Work order
A verbatim repeat of the lines below is required, with the pictures removed.

Dataset content
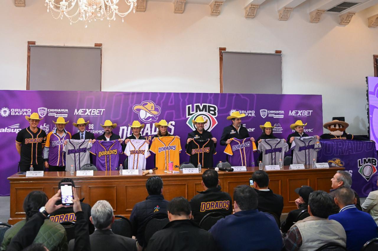 La gobernadora Maru Campos presidió en el Palacio de Gobierno, la ceremonia en que fue presentado oficialmente el equipo Dorados de Chihuahua, como nuevo integrante de la Liga Mexicana de Beisbol (LMB), certamen al que regresa luego de 14 años de ausencia.
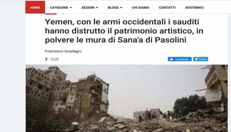 أكدت صحيفة إيطالية أن السعوديين دمروا بالأسلحة الغربية التراث الفني اليمني وأسوار صنعاء، إلى جانب تدميرهم للبنية التحتية وتسببهم في أكبر أزمة إنسانية.
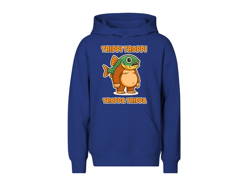 Dětská mikina Trippi Troppi Troppa Trippa je součástí oblíbené série Italian Brainrotů, která staví na lehkém chaosu, vtipných hláškách a originálních postavičkách. Skvěle se hodí jako dárek k narozeninám, Vánocům nebo jen tak pro radost – mikina, která pobaví děti i jejich okolí.
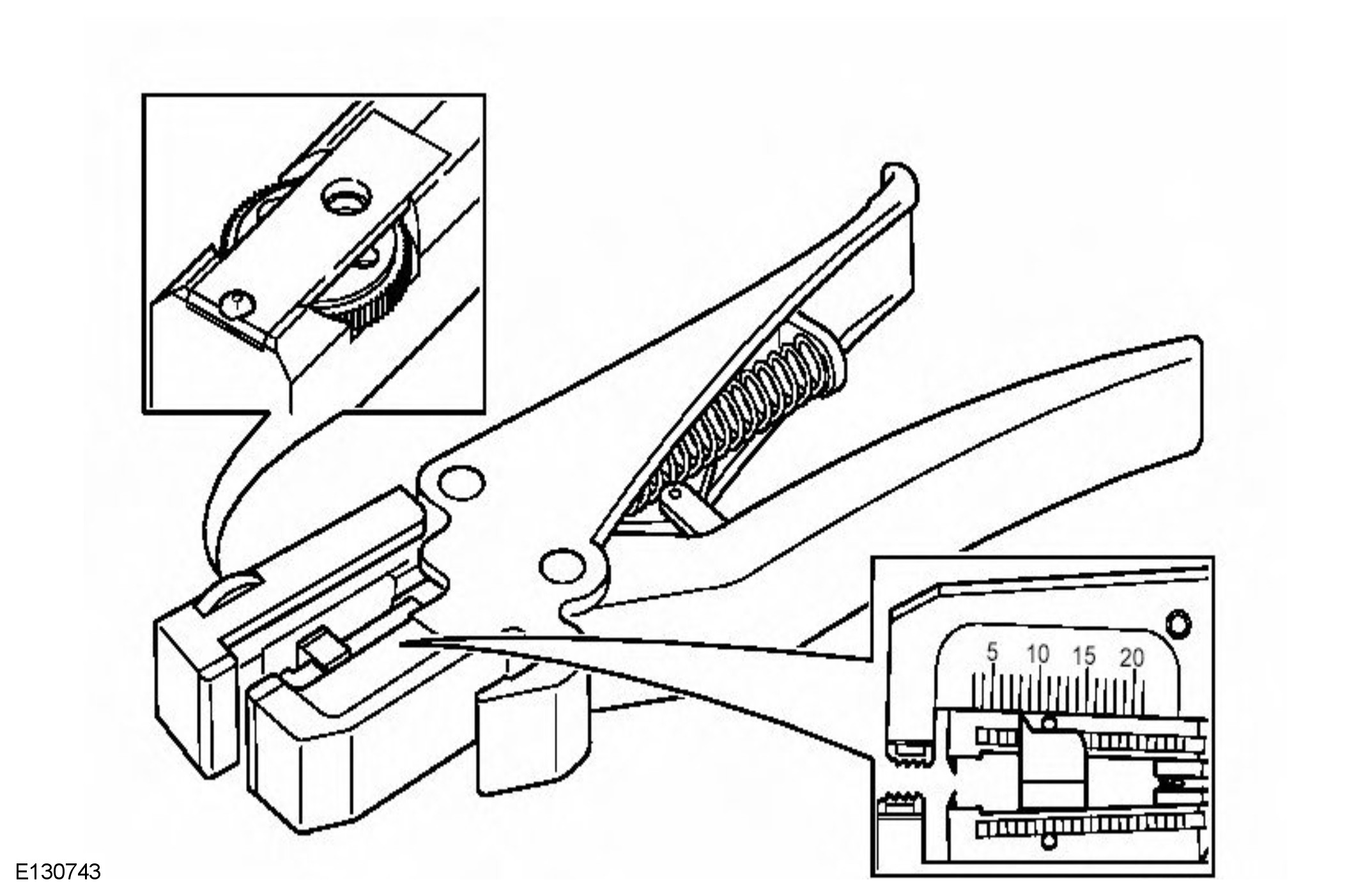 The moving jaw has an adjuster wheel which has a series of holes in it. Turning the wheel and placing the cable in the matching size hole will automatically adjust the jaw to the correct pressure. Note that some wiring harness(s) may have a harder insulation and slight adjustment of the wheel may be needed to make a clean strip but exercise care not to damage the wire.

Answer box
 La gobernadora Maru Campos presidió en el Palacio de Gobierno, la ceremonia en que fue presentado oficialmente el equipo Dorados de Chihuahua, como nuevo integrante de la Liga Mexicana de Beisbol (LMB), certamen al que regresa luego de 14 años de ausencia.
 أكدت صحيفة إيطالية أن السعوديين دمروا بالأسلحة الغربية التراث الفني اليمني وأسوار صنعاء، إلى جانب تدميرهم للبنية التحتية وتسببهم في أكبر أزمة إنسانية.
 Dětská mikina Trippi Troppi Troppa Trippa je součástí oblíbené série Italian Brainrotů, která staví na lehkém chaosu, vtipných hláškách a originálních postavičkách. Skvěle se hodí jako dárek k narozeninám, Vánocům nebo jen tak pro radost – mikina, která pobaví děti i jejich okolí.
 The moving jaw has an adjuster wheel which has a series of holes in it. Turning the wheel and placing the cable in the matching size hole will automatically adjust the jaw to the correct pressure. Note that some wiring harness(s) may have a harder insulation and slight adjustment of the wheel may be needed to make a clean strip but exercise care not to damage the wire.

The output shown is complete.